The PEOPLE, Plaintiff and Respondent, v. Trynun PATTERSON, Defendant and Appellant.
Appellant Trynun Patterson appeals the judgment following his convictions for robbery and first degree murder. After review, we modify the sentence, and as modified, we affirm. In the published portion of our opinion, we apply the recent decision in Atwater v. City of Lago Vista (2001) 532 U.S. 318, 121 S.Ct. 1536, 149 L.Ed.2d 549, and hold that a custodial arrest for a fine-only misdemeanor offense, even if it violates California law, does not require the suppression of evidence obtained as a product of the arrest.
PROCEDURAL AND FACTUAL BACKGROUND
In accord with the usual rules of appellate review, we state the facts in the light most favorable to the judgment. (People v. Ochoa (1993) 6 Cal.4th 1199, 1206, 26 Cal.Rptr.2d 23, 864 P.2d 103.) On May 3, 1999, appellant Trynun Patterson and three others robbed a jewelry and music store in Long Beach. During the robbery, one of appellant's accomplices shot and killed the store's owner, Gary Kim. Two days later, police arrested appellant for possession of less than one ounce of marijuana. Although not yet suspected of the robberies and murder, he was interviewed by homicide detectives to see if he knew anything about the crimes.

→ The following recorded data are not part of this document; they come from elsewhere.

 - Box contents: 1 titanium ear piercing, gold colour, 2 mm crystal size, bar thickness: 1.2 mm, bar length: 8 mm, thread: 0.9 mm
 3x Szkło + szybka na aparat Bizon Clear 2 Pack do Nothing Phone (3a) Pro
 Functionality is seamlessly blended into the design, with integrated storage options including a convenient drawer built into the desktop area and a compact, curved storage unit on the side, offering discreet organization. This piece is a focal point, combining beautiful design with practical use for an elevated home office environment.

After talking with the detectives for almost six hours, he fully confessed.
Appellant was charged by information with the robbery and murder of Gary Kim (Pen.Code, §§ 187, subd. (a), 211) (counts 1 & 2), and the special circumstance of robbery-murder (Pen.Code, § 190.2, subd. (a)(17)). He was also charged with robbing a store employee, Jenny Kim (Pen.Code, § 211) (count 3), and with conspiracy to commit robbery (Pen.Code, §§ 182, subd. (a)(1), 211) (count 6). A jury convicted him of the robbery and first degree felony-murder of Gary Kim, second degree robbery of Jenny Kim, and conspiracy to commit robbery. The court sentenced him to life without possibility of parole plus four years for the murder of Gary Kim. It also imposed two concurrent terms of seven years for the robberies of Gary Kim and Jenny Kim. Finally, it imposed a concurrent three-year term for conspiracy to commit robbery. This appeal followed.1
1. Motion to Suppress Physical Evidence and Confession
Based on evidence from the crime scene, Long Beach police quickly determined that a man named Kenny Buckner was one of the robbers. Having identified Buckner, police planned to arrest him, but wanted the arrest to be inconspicuous so as not to alert his co-perpetrators. Accordingly, they placed him under surveillance.

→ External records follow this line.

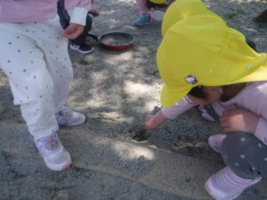 「ぼくたちは、ありさんのお家を作るんだよ」「ありさんをつかまえたら、ここに入れるんだよ」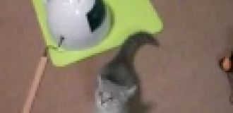 Mądry kot pryzmujący mleko.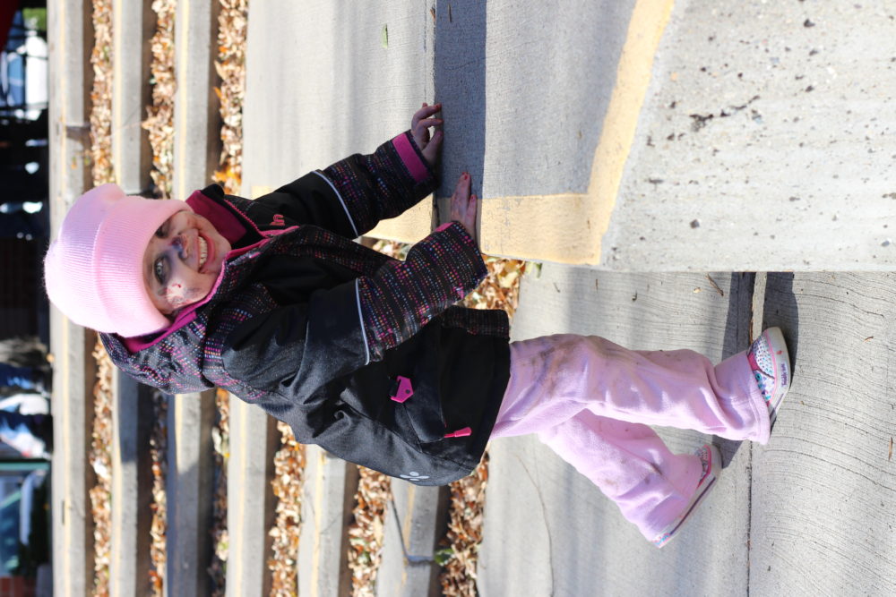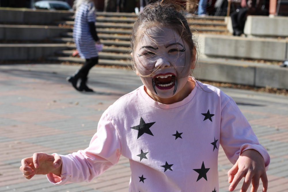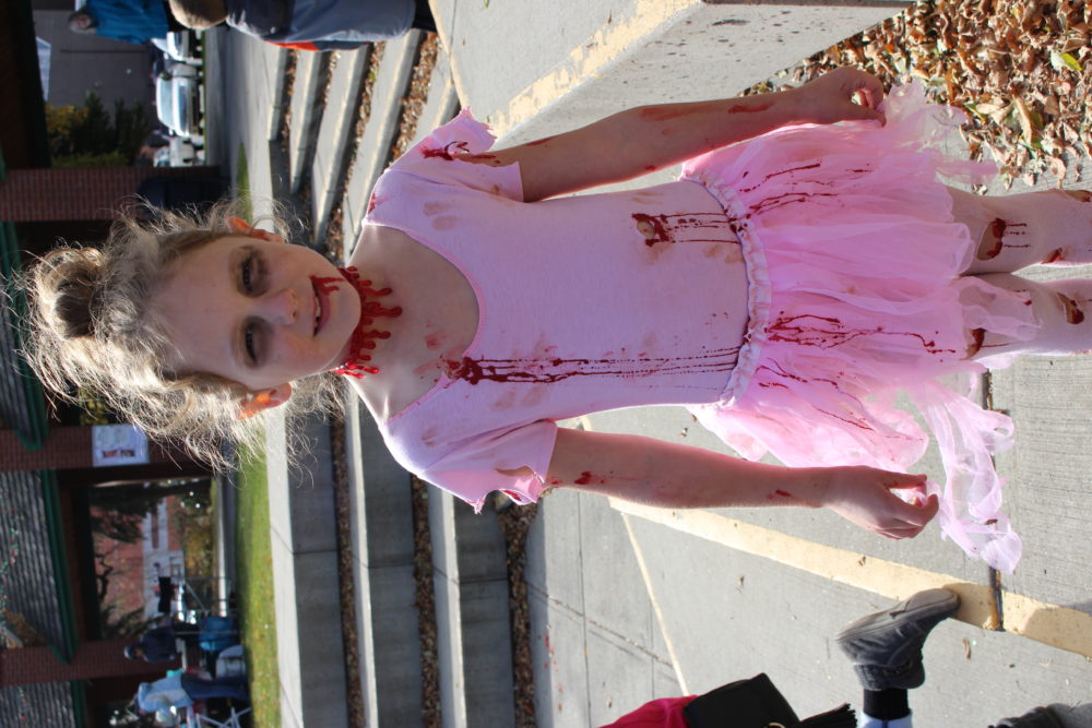 Three year-old Brooklyn Hill didn’t let her zombification stop her from smiling sweetly.

Two days after the murder, detectives saw Buckner leaving a residence with appellant, who police had not yet identified as a suspect. Buckner and appellant entered a car, and appellant drove them away. After a few blocks, appellant stopped the car, and Buckner got out to talk to a pedestrian. Appellant sat in the car and rolled what appeared to be a marijuana cigarette. He smoked it while waiting for Buckner. When Buckner returned to the car, appellant drove on. The surveillance team then instructed uniformed officers to make a traffic stop of the vehicle.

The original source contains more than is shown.